Statins are approved for use in children over 10 years of age by the U.S. Food and Drug Administration (FDA) and are the initial treatment of choice for children with elevated LDL cholesterol or non-HDL cholesterol levels. Statins reduce intracellular cholesterol levels by inhibiting hydroxylmethylglutaryl coenzyme A reductase, the rate-limiting enzyme in the synthesis of cholesterol, and decrease LDL cholesterol levels by upregulating LDL receptors [42]. Statins should be started at the lowest dose administered once daily. The target level of LDL cholesterol is <130 mg/dL, and it is ideally maintained below 110 mg/dL [43]. If the LDL cholesterol level does not reach the target level, the dose of the drug can be increased once, and the blood test is repeated after 4 weeks. If the LDL cholesterol level still does not reach the target concentration, the dose may be increased one more time or a bile acid sequestrant or cholesterol absorption inhibitor may be added [44]. Statins have been reported to be effective in reducing cholesterol levels by 20%–50% compared to baseline, have no effect on growth in children, and rarely cause side effects. The side effects of statins include myopathy and elevated liver enzyme levels. Therefore, it is necessary to monitor the levels of alanine aminotransferase, aspartate aminotransferase, and creatinine kinase every 3–6 months [45]. Hazardous liver enzyme levels are more than three times higher than the upper limit of normal levels. The risk of muscle toxicity is more than 10 times the upper limit of normal creatinine kinase levels, and the effect of physical activity should be considered. If abnormalities are found in blood tests or symptoms are reported, it is observed whether myopathy disappears after discontinuing the drug and follow-up shows a decrease in blood test values after 2 weeks. When abnormal levels are normalized, drug treatment can be started again with close examination [46].

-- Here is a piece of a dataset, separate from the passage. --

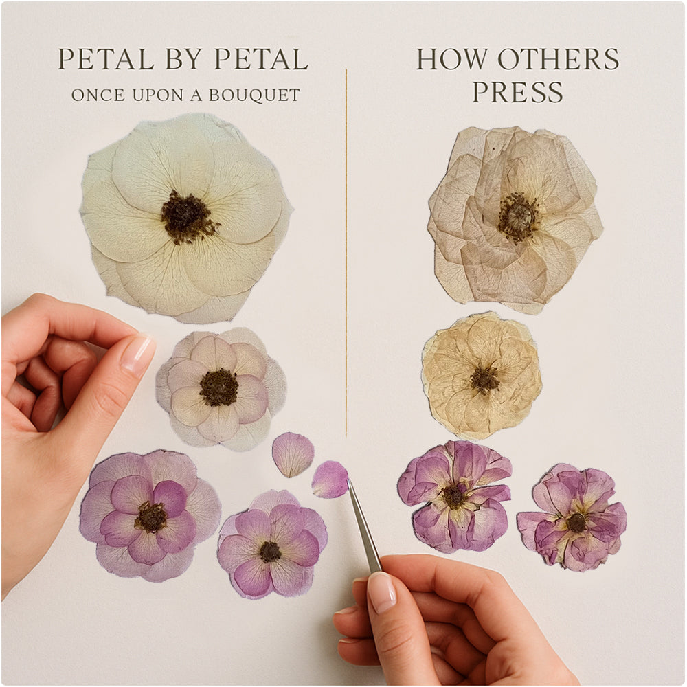 While others may flatten entire blooms in haste, we believe in honoring every petal—because true floral preservation is not about speed, but about soul, detail, and perfection.

Bile acid sequestrants are drugs that block the reabsorption of cholesterol in enterohepatic circulation. As they are not absorbed systemically, they can be used as a first-line treatment for dyslipidemia in children. However, compliance is poor owing to side effects of the digestive system, such as nausea, diarrhea, and constipation.

Ezetimibe is a cholesterol absorption inhibitor that reduces bile reabsorption and cholesterol absorption in enterohepatic circulation. This drug is approved for use as an adjuvant in children aged≥10 years. In adult studies, ezetimibe has been reported to lower LDL cholesterol levels by 20%; however, studies in children and adolescents are not yet sufficient [47]. There have been no studies on the use of cholesterol absorption inhibitors as monotherapy in children and adolescents. In children aged 10–17 years with FH, the combined administration of simvastatin and ezetimibe resulted in a greater reduction in LDL cholesterol than simvastatin alone [48]. Niacin is a drug that increases HDL cholesterol and reduces LDL cholesterol and TG and is only used as an adjuvant treatment. However, niacin is not FDA-approved for pediatric patients with dyslipidemia and presents serious side effects such as flushing, itching, headache, and elevated aminotransferase levels, making it a limited treatment option for adolescents [49]. Fibric acid derivates lower TG and increase HDL cholesterol. In children, fibrates are used to treat severe hypertriglyceridemia with a risk of acute pancreatitis. Fibrate may increase the therapeutic effect when combined with statins, but may cause rhabdomyolysis and is not approved by the FDA for dyslipidemia in children [41].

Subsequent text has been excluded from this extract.